= Tamapin =

Tamapin is a toxin from the Indian Red Scorpion (Hottentotta tamulus), which is a selective and potent blocker of SK2 channels.

== Etymology ==
Tamapin is named after the scorpion from which it was isolated.

== Sources ==
Tamapin has been isolated from hottentotta tamulus, the Indian red scorpion.

== Chemical structure and methods of isolation ==
Tamapin belongs to short-chain scorpion toxin subfamily 5, together with PO5 and Scyllatoxin. Its sequence similarity to other toxins that can compete with the binding site of apamin is much lower. It is 31 amino acids long and its weight is 3458 daltons. Its amino acid sequence is AFCNLRRCELSCRSLGLLGKCIGEECKCVPY, with disulfide bonds between Cys3-Cys21, Cys8-Cys26, and Cys12-Cys28 (chemical formula C_{146}H_{234}N_{42}O_{42}S_{6}).

Tamapin has been isolated via detection of the apamin-competing fraction of the venom from the scorpion via a Sephadex G-50 size exclusion chromatography, followed by high performance liquid chromatography (HPLC).
An isoform of tamapin, tamapin-2, has been found, in which the tyrosine is replaced by a histadine. Tamapin-2 can also compete very effectively with apamin for binding to synaptosomes.

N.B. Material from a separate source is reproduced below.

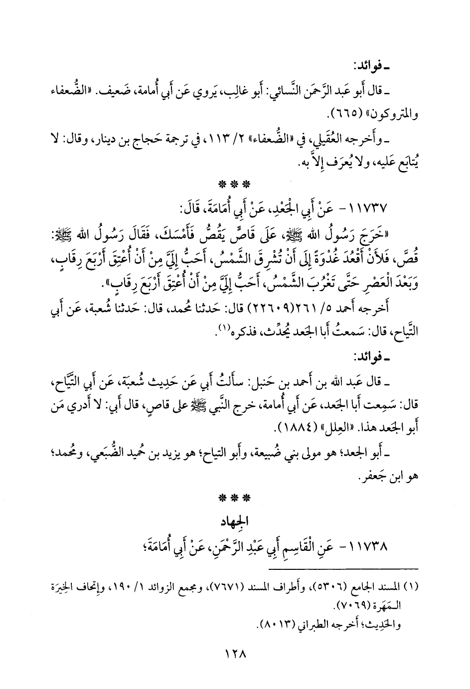 - قلنا: إِسناده ضعيفٌ؛ قال عبد الله بن أحمد بن حنبل: سألت أبي عن حديث شعبة، عن أبي التياح، قال: سمعت أبا الجعد، عن أَبي أُمامة، خرج النبي صَلى الله عَليه وسَلم على قاص، قال أبي: لا أدري من أَبو الجعد هذا. «العلل» (١٨٨٤).

== Target and mode of action ==

The target of tamapin is the small conductance calcium-dependent potassium (SK) channel. This scorpion toxin blocks SK2 channels with selectivity for SK2 versus SK1 channels in a largely reversible manner. Despite completely different sequences, Apamin (a bee venom toxin) and tamapin share at least in part, the same binding sites on rat brain synaptosomes. Cloned SK2 are most sensitive for Apamin in binding assays and physiological recordings. However, tamapin displaces Apamin in binding assays and is therefore a stronger toxin with respect to Apamin. SK 1 and SK 3 are only affected with a high concentration of tapamin and therefore this toxin inhibits SK2 with the highest affinity, SK3 intermediate and the lowest affinity for SK1 channels. A less closely related member of the SK channels is the intermediate conductance calcium activated potassium channel SK4, also known as IK1, which is not sensitive to Apamin and is also not affected by Tapamin. The same applies to voltage dependent potassium channels; the block of SK2-mediated currents is not voltage dependent. This specific channel block evokes a reduction in the small conductance calcium-dependent potassium channels current.

== Toxicity ==

Previous studies showed that the effect of tamapin is largely reversible and depends on time and concentration. The Indian red scorpion (Hottentotta tamulus) causes a large number of deaths annually especially among young children. Its venom contains highly specific potassium channel blockers such as iberiotoxin, which is a highly specific blocker of the high conductance calcium activated potassium channel, and tamulustoxin.